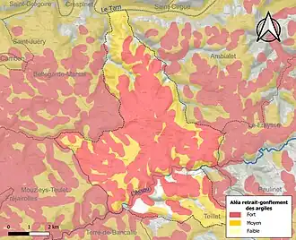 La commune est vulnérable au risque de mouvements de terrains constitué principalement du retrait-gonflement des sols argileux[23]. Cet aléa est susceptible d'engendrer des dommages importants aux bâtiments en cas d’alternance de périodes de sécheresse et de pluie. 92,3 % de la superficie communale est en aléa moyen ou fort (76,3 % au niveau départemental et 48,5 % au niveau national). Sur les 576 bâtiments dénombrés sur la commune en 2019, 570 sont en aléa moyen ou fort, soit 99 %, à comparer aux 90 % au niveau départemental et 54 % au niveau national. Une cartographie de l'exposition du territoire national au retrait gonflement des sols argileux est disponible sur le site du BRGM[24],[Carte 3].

========================================

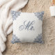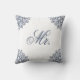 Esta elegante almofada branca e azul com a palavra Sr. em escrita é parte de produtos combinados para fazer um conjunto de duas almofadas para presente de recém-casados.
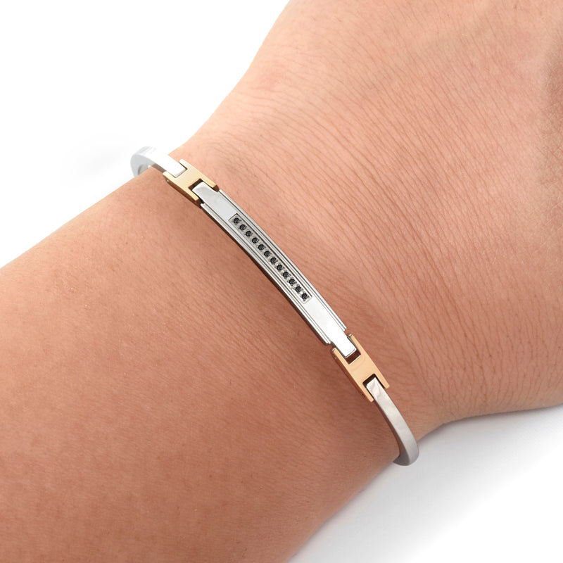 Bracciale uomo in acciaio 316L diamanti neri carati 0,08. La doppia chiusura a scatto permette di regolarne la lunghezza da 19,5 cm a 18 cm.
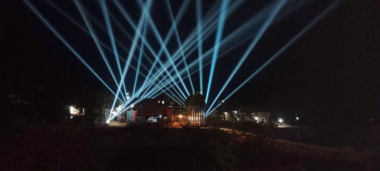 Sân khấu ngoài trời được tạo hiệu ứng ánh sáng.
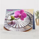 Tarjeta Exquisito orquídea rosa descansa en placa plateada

========================================

▶ [Exercise goal]:
In the records above, find the line with "Esta elegante almofada". Print exactly from there through the line with "Tarjeta Exquisito orquídea", minus the pictures.

▶ [Result for this exercise]:
 Esta elegante almofada branca e azul com a palavra Sr. em escrita é parte de produtos combinados para fazer um conjunto de duas almofadas para presente de recém-casados.
 Bracciale uomo in acciaio 316L diamanti neri carati 0,08. La doppia chiusura a scatto permette di regolarne la lunghezza da 19,5 cm a 18 cm.
 Sân khấu ngoài trời được tạo hiệu ứng ánh sáng.
 Tarjeta Exquisito orquídea rosa descansa en placa plateada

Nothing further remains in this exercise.